Yes, except the words are usually pronounced with schwa deletions: bahraa and suntaa.

Btw, welcome to the forum!


----------



## abhatia

Whether बहरा is written in the Roman alphabet as "bahraa" or "baharaa" just depends on the transliteration rules that are adopted. In this case, I think that "a" = अ and "aa" = आ . So "baharaa" = बहरा, and  "bahraa" = बह्रा (the difference is that the ह is पूरा in the former, but आधा in the latter). Similarly, as per the transliteration rules adopted by whoever wrote the she'r in the Roman alphabet, "sunataa" = सुनता, and "suntaa" = सुन्ता .

Thanks for the welcome.


----------



## mundiya

^ The spellings बह्रा and सुन्ता are not considered correct.  By schwa deletion, I mean deleting the short "a" sound in terminal positions or medially in words with more than one syllable.  Therefore, बहरा becomes bahraa, and सुनता becomes suntaa.  Granted, everyone doesn't delete the short "a" sound, and there is a chance you may not.  You can read about the schwa deletion phenomenon here.


----------



## Dib

mundiya, you are right, but you are confusing two things. abhatia said:



abhatia said:


> Whether बहरा is written in the Roman alphabet as "bahraa" or "baharaa" just depends on the transliteration rules that are adopted. In this case, I think that "a" = अ and "aa" = आ . So "baharaa" = बहरा, and  "bahraa" = बह्रा (the difference is that the ह is पूरा in the former, but आधा in the latter). Similarly, as per the transliteration rules adopted by whoever wrote the she'r in the Roman alphabet, "sunataa" = सुनता, and "suntaa" = सुन्ता .

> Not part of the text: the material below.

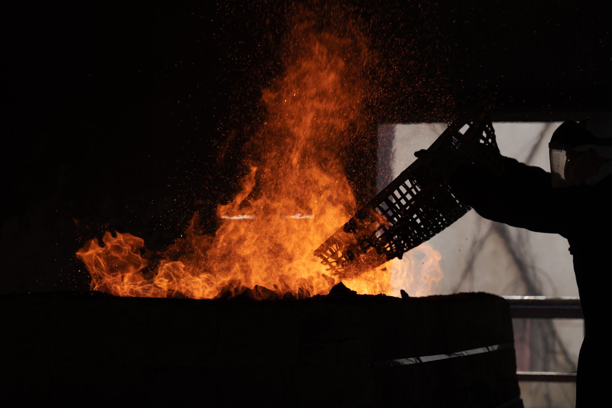 ・玉川堂(新潟):鍔薬罐を写した巨大作品への彫金実演

And s/he is perfectly right as far as transliteration of Hindi spelling is concerned. What you are talking about is transcription of the Hindi speech. Hindi spelling and speech are very close to each other, but they do not match 100%. This is one of those cases, and hence the discrepancy. Since this forum has no clear-cut rule about preference between transliteration and transcription (I prefer the second, as do you apparently; but others prefer the first, e.g. Qureshpor), I guess we just have to live with it.


----------